The study of 3D seismic attributes also aids the determination of reservoir composition, distribution, and lateral variations. These seismic data can also be inverted to acoustic impedance (density and velocity) and transformed into reservoir parameters.
Cross plot regression analysis of petrophysical parameters can provide similar relationships between a pair of values of porosity, acoustic impedance, permeability, and water saturation.
The combination of petrophysics and geophysics is a tool that can help develop seismic criteria for optimizing development well locations. In the Al-Khafji area, these analyses helped interpret and map the faults associated with reservoirs, aiding future drilling plans.
The resulting empirical amplitude-porosity relationships successfully predicted the gross reservoir porosity in several seismic locations away from wells in this basin.
Future work
Reservoir modeling is an evolving process and for evaluating the Al-Khafji field all known exploration data needs to be integrated into the models. The reservoir models will need to be continually improved as new exploration data are obtained and incorporated.
Geologists and geophysicists will continue to struggle with improved data integration and continue to evaluate the uncertainty of estimating hydrocarbon volumes with several data-mining techniques. Many proven data-mining techniques including statistical techniques will help establish the Al-Khafji field lateral and vertical reservoir limits more precisely.
The use of the amplitude-variation-with-offset inversion technique also may verify the increasing porosity in the eastern part of the main Al-Khafji field.

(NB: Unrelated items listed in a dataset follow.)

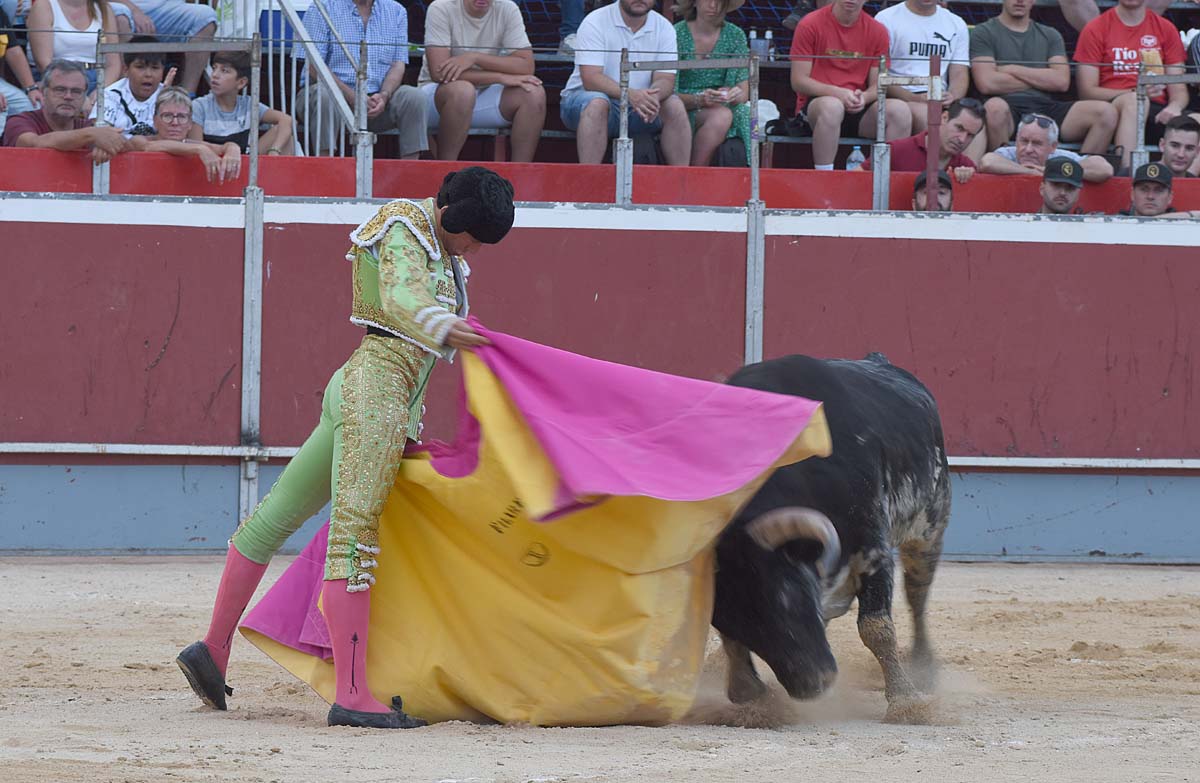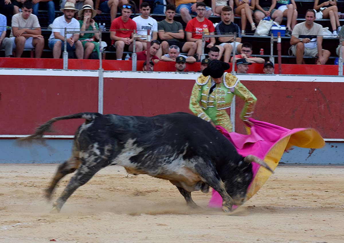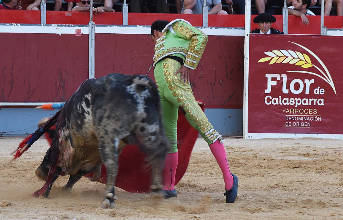 El torero de Calasparra se fusionó con la encastada embestida de animal dejando series intensísimas de muletazos de sublime expresión, templanza y largura. Filiberto estuvo rotundo con la mano derecha, y especialmente torero con la zurda. La traca final, pegándose el arrimón y llevando la emoción a los tendidos fue de mérito. Se tiró a matar o morir, recetando una buena estocada de la que salió prendido de la rodilla derecha. Y al final, las dos orejas y el reconocimiento de la afición que quiere verle más tardes por las plazas de toros.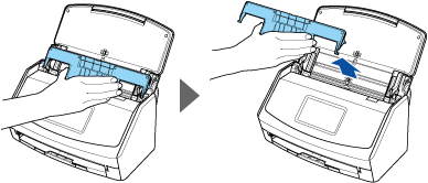- 打开ScanSnap的ADF进纸斜槽(盖板)以打开电源。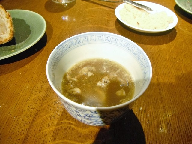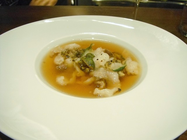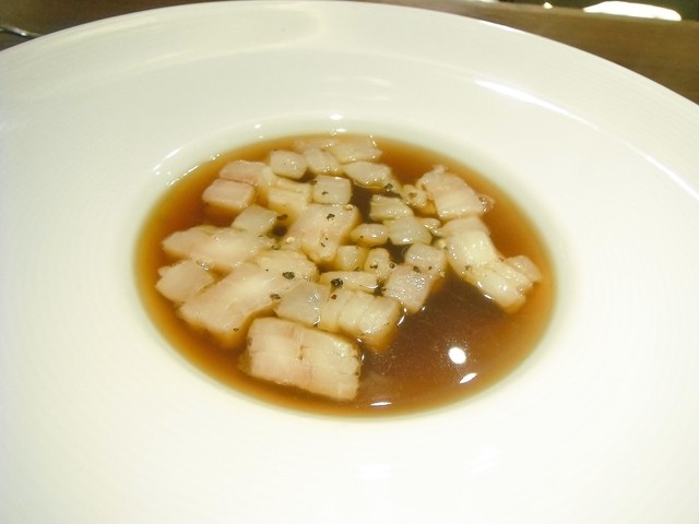 コンソメ自体は牛の物。こちらで頂くコンソメはもとよりスープ系全般かなり美味いです。クリアで芳香が素晴らしい。コースに一品スープがあって有難いと感じる数少ない店だと思っています。

Volume reflection spectrum and neural networking may further refine the porosity data.
Other multipay horizons of Al-Khafji field also may benefit from similar studies. Reservoir models generated in the present study may guide reservoir engineers for further detailed modeling studies.
Seismic trace characteristics such as frequency and time-domain analysis of seismic traces falling in and around the main Al-Khafji field also will ascertain the spatial extension of reservoir facies.
Acknowledgments
The authors thank Kuwait Gulf Oil Co. and Ministry of Energy, Kuwait for permission to publish the results of this study. They also are grateful to Qasem Al-Mejadi and Mubarak Al-Hajeri for their support. Thanks also go to Les Crowder, Aavo Taal, Hajime Kusaka, Ali Al-Najdi, and Humoud Al-Otaibi for their valuable technical comments. The authors also thank N.L. Shastri for review and help with the manuscript.
Reference
1. Al-Fares, A.A., Bouman, M., and Jeans, P., "A New Look at the Middle to Lower Cretaceous Stratigraphy, Offshore Kuwait, GeoArabia," Vol. 3, No. 4, 1998, pp. 543-60.
The authors
Kalyan Chakraborty is a specialist geophysicist with Kuwait Gulf Oil Co. He previously worked for the Oil and Natural Gas Commission, the Geological Survey of Western Australia, and Petroleum Geo-services, Australia. Chakraborty has an MSc Tech in applied geophysics from Indian School of Mines and an MSc in petroleum exploration from Curtin University of Technology, Perth, Australia. He is a member of SEG, AAPG, PESA, and AEG.
Ahmad Mostafa is a senior support administrator at Kuwait Foreign Petroleum Exploration Co. He previously worked as a geophysicist for the General Petroleum Co., Geco-Prakla (EAR), and Schlumberger-GeoQuest. Mostafa has a BS in geology from Cairo University.